--- Task ---
Given the records below, the lines starting at the line with "De alcoholconsumptie daalt" and ending at the line with "花材: 10枝香槟玫瑰,1朵" should be output exactly, both end lines kept and pictures left out.

--- Data to use ---

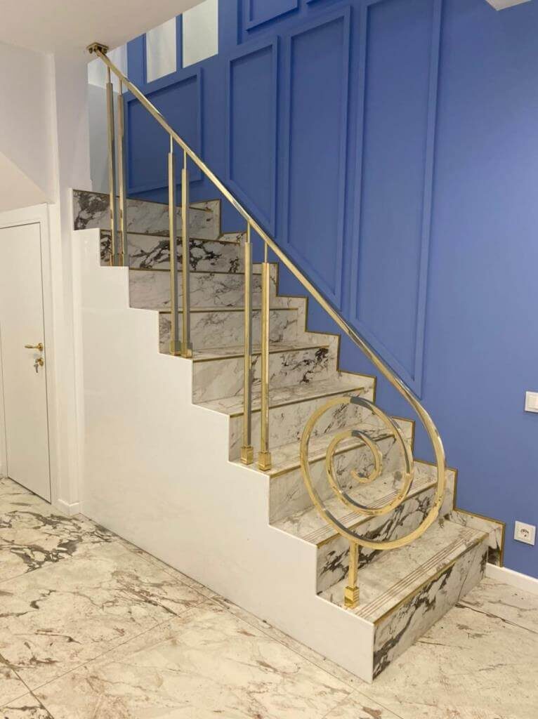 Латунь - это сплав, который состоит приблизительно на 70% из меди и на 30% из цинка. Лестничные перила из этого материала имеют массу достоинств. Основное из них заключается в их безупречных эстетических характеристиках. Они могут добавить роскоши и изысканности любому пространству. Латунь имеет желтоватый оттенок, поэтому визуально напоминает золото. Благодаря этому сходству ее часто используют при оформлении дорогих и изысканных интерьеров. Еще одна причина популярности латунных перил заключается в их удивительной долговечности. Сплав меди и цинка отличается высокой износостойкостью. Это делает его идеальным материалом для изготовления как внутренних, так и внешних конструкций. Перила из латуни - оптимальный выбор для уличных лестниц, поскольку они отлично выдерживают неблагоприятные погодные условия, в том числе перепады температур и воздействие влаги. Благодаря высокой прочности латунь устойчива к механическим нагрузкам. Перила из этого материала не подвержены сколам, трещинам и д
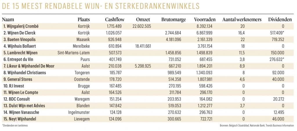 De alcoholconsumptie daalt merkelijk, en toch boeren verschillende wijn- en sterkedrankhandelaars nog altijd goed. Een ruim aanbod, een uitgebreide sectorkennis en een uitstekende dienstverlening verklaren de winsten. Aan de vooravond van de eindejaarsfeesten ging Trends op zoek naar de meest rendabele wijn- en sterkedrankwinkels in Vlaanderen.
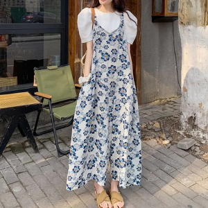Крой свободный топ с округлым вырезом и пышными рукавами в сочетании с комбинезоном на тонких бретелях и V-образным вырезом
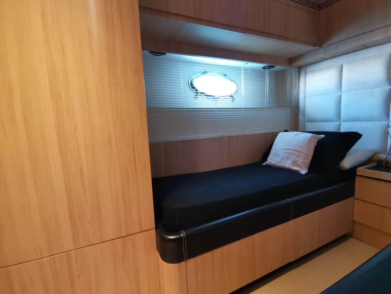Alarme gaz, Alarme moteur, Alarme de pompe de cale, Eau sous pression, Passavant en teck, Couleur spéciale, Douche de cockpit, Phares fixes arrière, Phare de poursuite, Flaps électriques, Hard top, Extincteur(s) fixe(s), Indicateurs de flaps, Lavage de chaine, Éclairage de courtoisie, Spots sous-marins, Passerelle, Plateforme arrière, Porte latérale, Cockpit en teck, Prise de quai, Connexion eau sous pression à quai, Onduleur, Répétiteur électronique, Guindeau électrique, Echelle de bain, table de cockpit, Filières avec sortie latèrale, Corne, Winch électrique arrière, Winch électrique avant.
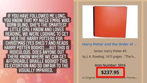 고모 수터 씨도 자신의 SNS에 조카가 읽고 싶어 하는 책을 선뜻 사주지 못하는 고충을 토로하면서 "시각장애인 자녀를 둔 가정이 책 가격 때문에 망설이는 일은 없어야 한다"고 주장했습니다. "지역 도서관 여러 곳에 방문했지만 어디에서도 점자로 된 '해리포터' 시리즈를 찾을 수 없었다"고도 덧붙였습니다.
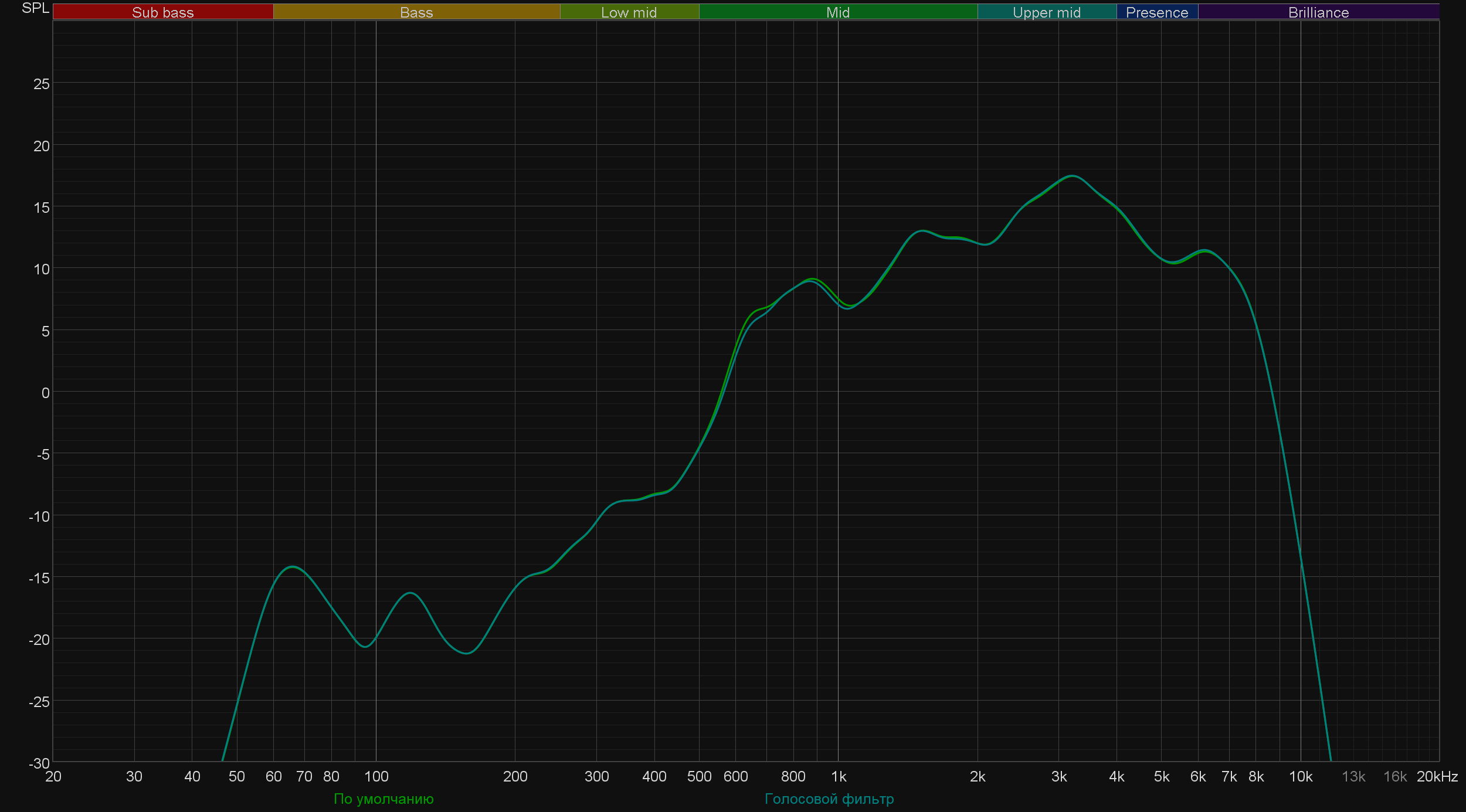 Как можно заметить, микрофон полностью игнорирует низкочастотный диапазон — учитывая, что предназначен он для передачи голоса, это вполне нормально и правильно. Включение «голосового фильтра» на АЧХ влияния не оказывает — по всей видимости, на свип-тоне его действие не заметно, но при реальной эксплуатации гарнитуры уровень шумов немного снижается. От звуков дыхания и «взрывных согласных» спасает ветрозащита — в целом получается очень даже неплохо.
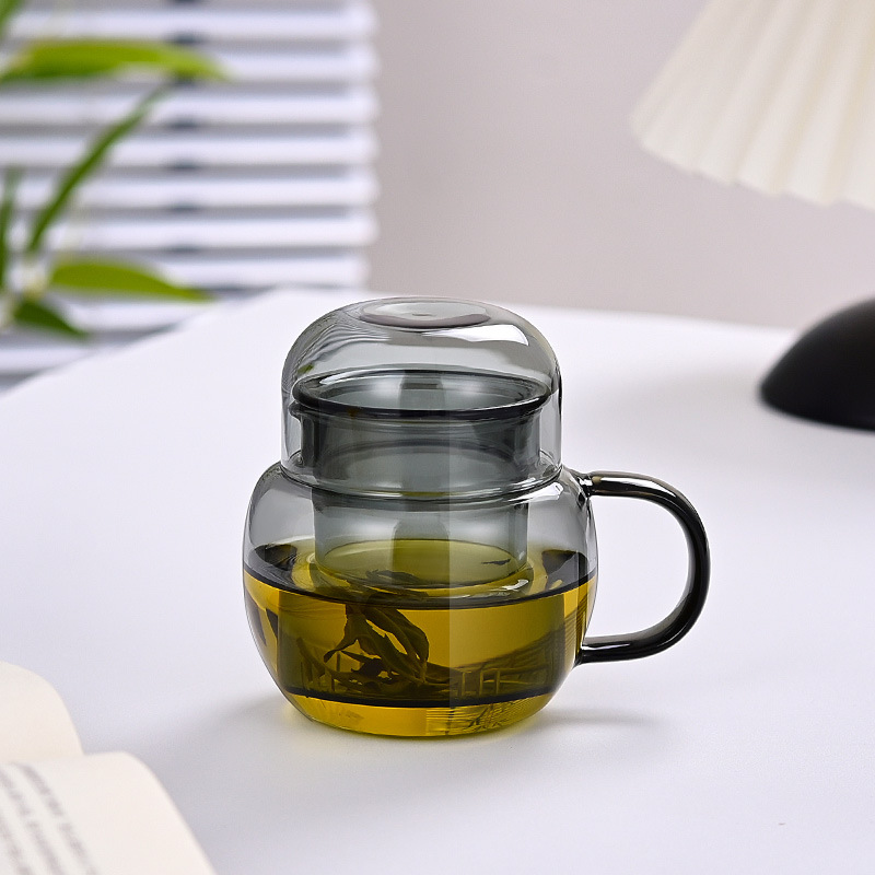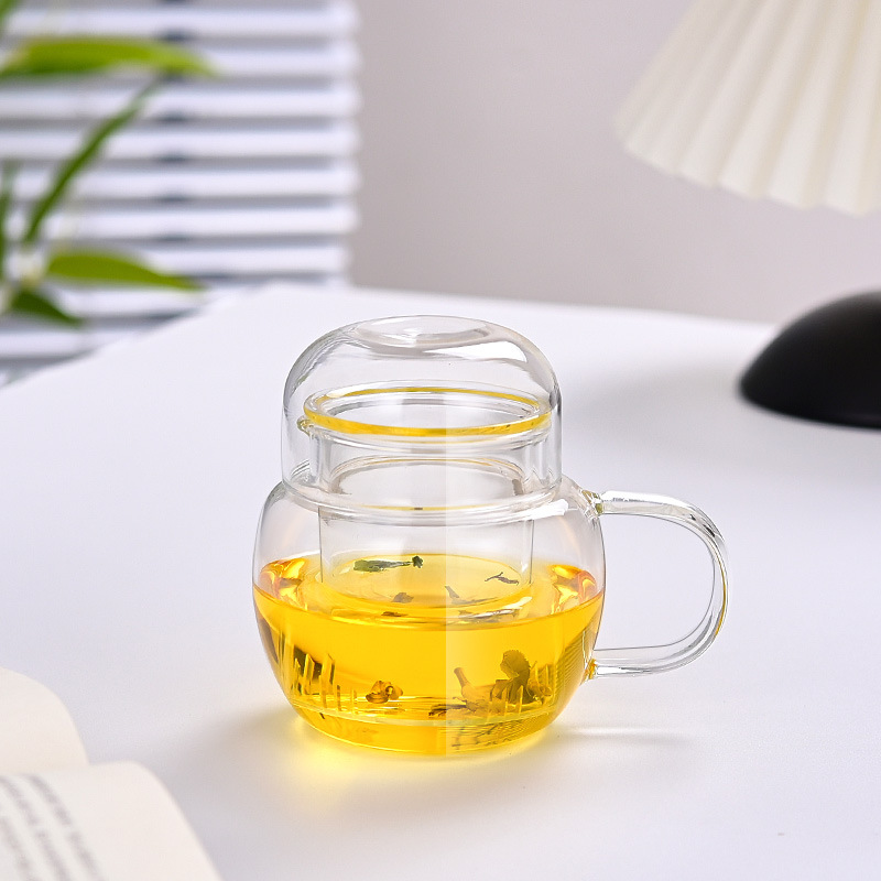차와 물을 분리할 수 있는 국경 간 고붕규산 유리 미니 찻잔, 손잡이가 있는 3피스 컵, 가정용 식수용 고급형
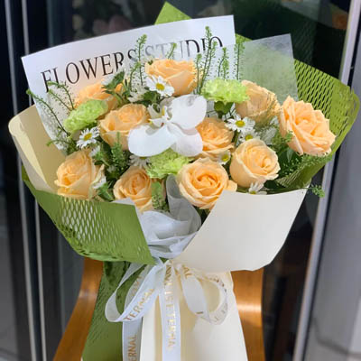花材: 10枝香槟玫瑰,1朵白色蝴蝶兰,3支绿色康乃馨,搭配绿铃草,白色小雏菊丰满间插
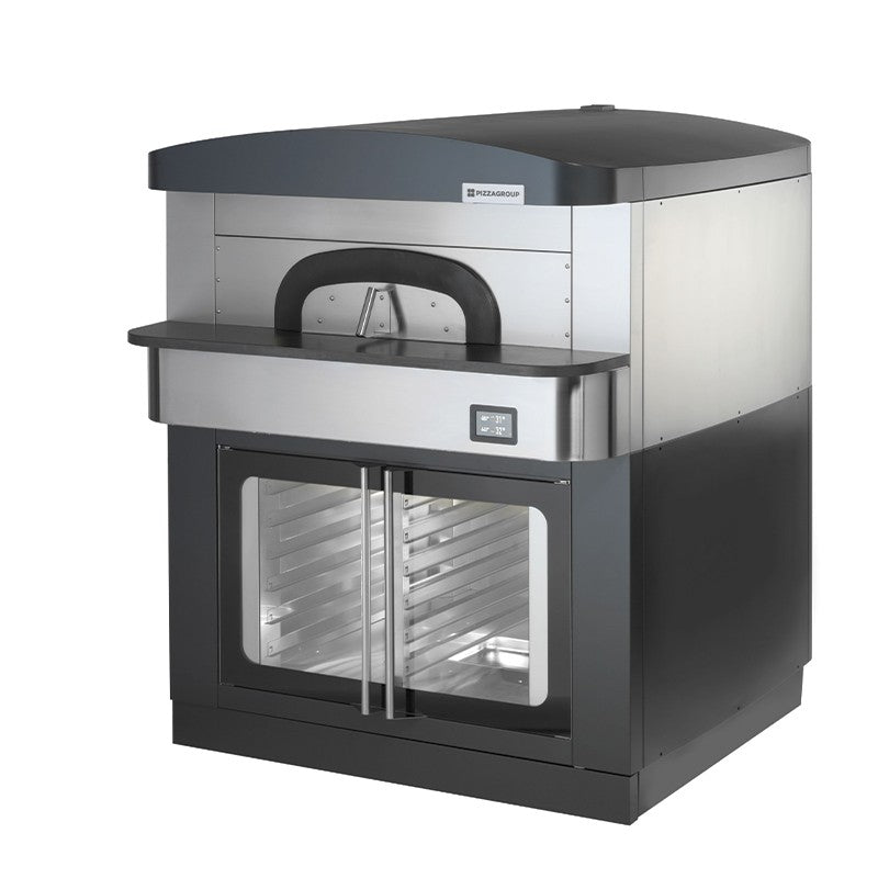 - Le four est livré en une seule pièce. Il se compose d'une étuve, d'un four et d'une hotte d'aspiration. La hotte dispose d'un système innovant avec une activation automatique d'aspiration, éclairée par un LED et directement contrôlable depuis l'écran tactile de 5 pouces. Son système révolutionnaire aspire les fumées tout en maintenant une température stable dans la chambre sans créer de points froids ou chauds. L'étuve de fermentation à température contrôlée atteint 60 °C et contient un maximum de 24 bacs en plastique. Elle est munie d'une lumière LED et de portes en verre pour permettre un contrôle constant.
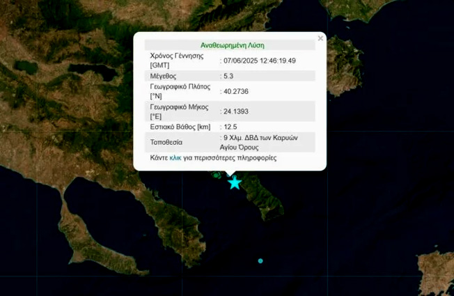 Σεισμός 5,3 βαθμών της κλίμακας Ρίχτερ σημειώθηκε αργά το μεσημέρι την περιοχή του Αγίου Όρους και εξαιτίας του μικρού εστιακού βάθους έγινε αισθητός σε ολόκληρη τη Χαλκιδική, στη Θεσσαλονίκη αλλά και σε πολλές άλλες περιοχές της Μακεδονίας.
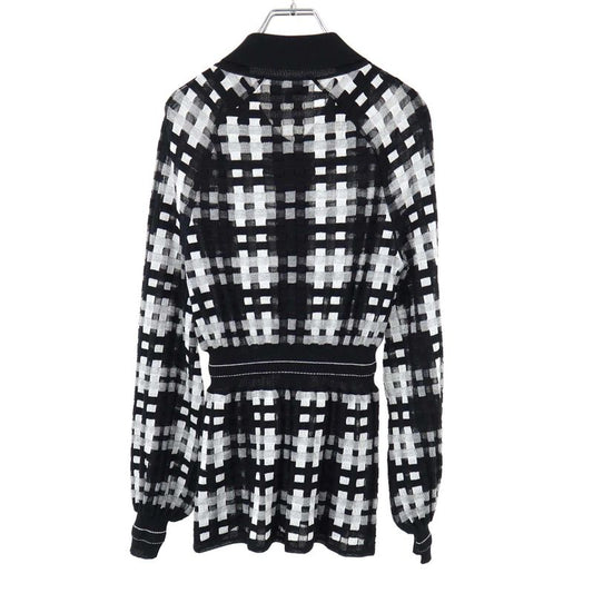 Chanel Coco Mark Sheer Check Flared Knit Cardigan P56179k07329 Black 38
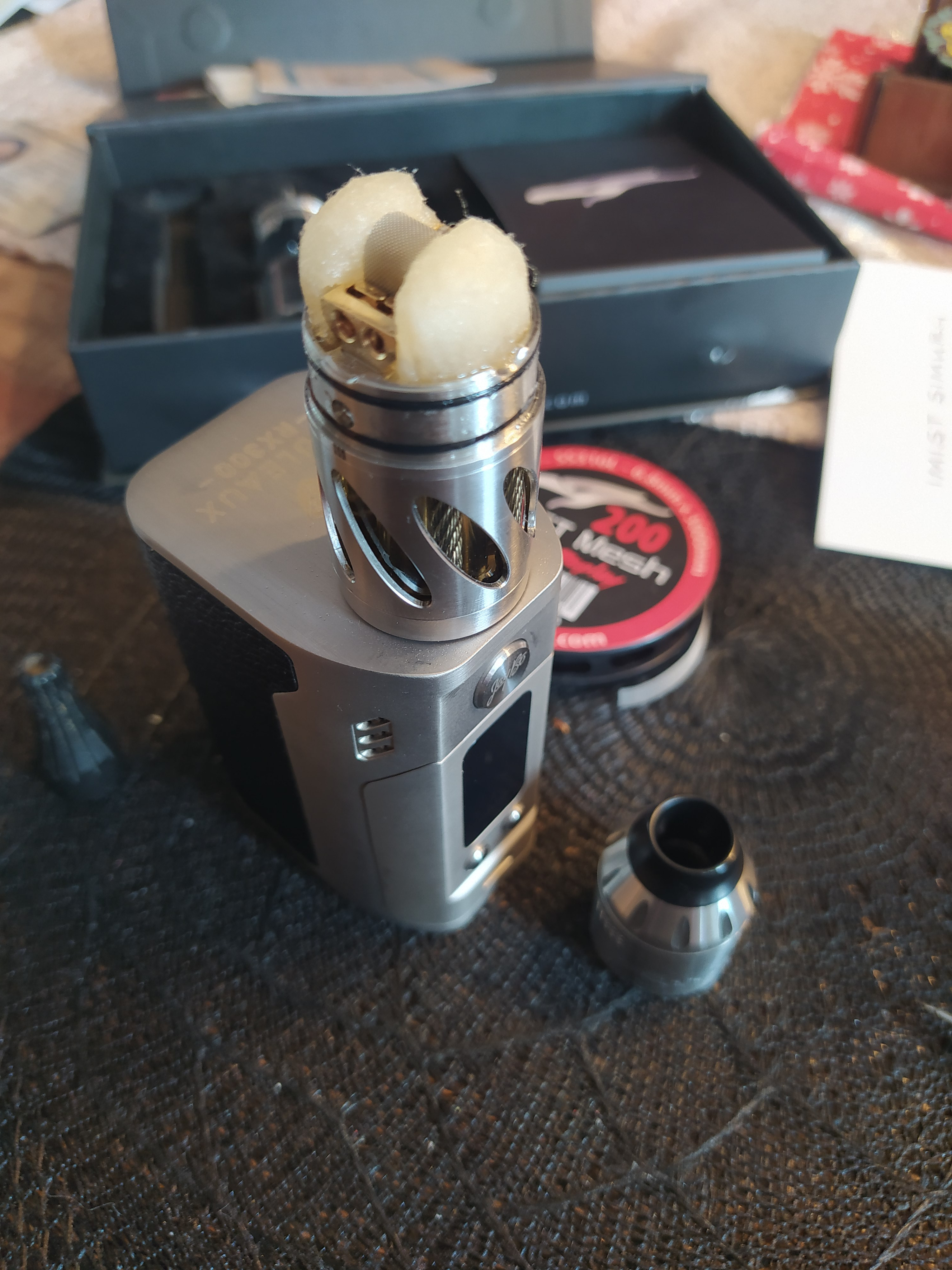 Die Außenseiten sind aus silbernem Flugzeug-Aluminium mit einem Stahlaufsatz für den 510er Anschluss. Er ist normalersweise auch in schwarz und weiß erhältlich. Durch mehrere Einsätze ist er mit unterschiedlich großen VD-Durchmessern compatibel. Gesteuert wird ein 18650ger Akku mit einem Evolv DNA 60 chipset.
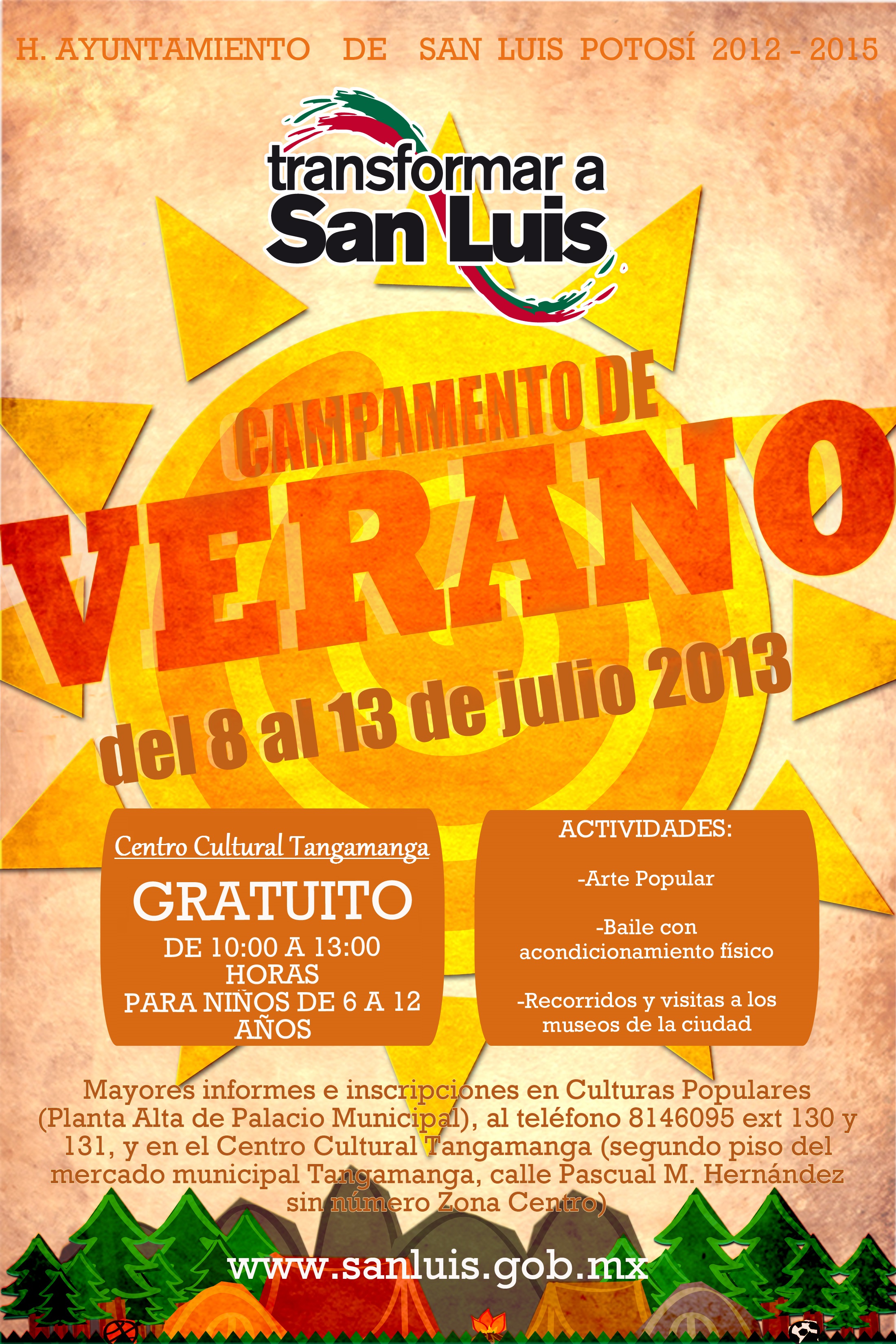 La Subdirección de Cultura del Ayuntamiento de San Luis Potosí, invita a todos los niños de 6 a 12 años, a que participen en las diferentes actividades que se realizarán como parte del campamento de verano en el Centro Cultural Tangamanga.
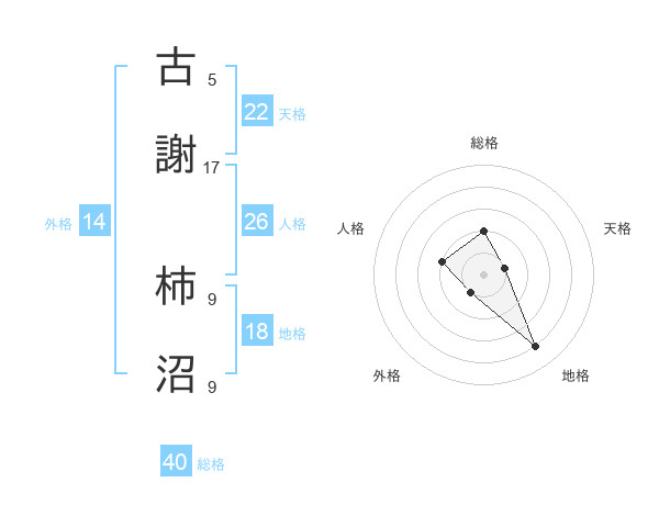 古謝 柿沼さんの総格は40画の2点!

--- Answer below ---
 De alcoholconsumptie daalt merkelijk, en toch boeren verschillende wijn- en sterkedrankhandelaars nog altijd goed. Een ruim aanbod, een uitgebreide sectorkennis en een uitstekende dienstverlening verklaren de winsten. Aan de vooravond van de eindejaarsfeesten ging Trends op zoek naar de meest rendabele wijn- en sterkedrankwinkels in Vlaanderen.
Крой свободный топ с округлым вырезом и пышными рукавами в сочетании с комбинезоном на тонких бретелях и V-образным вырезом
Alarme gaz, Alarme moteur, Alarme de pompe de cale, Eau sous pression, Passavant en teck, Couleur spéciale, Douche de cockpit, Phares fixes arrière, Phare de poursuite, Flaps électriques, Hard top, Extincteur(s) fixe(s), Indicateurs de flaps, Lavage de chaine, Éclairage de courtoisie, Spots sous-marins, Passerelle, Plateforme arrière, Porte latérale, Cockpit en teck, Prise de quai, Connexion eau sous pression à quai, Onduleur, Répétiteur électronique, Guindeau électrique, Echelle de bain, table de cockpit, Filières avec sortie latèrale, Corne, Winch électrique arrière, Winch électrique avant.
 고모 수터 씨도 자신의 SNS에 조카가 읽고 싶어 하는 책을 선뜻 사주지 못하는 고충을 토로하면서 "시각장애인 자녀를 둔 가정이 책 가격 때문에 망설이는 일은 없어야 한다"고 주장했습니다. "지역 도서관 여러 곳에 방문했지만 어디에서도 점자로 된 '해리포터' 시리즈를 찾을 수 없었다"고도 덧붙였습니다.
 Как можно заметить, микрофон полностью игнорирует низкочастотный диапазон — учитывая, что предназначен он для передачи голоса, это вполне нормально и правильно. Включение «голосового фильтра» на АЧХ влияния не оказывает — по всей видимости, на свип-тоне его действие не заметно, но при реальной эксплуатации гарнитуры уровень шумов немного снижается. От звуков дыхания и «взрывных согласных» спасает ветрозащита — в целом получается очень даже неплохо.
차와 물을 분리할 수 있는 국경 간 고붕규산 유리 미니 찻잔, 손잡이가 있는 3피스 컵, 가정용 식수용 고급형
花材: 10枝香槟玫瑰,1朵白色蝴蝶兰,3支绿色康乃馨,搭配绿铃草,白色小雏菊丰满间插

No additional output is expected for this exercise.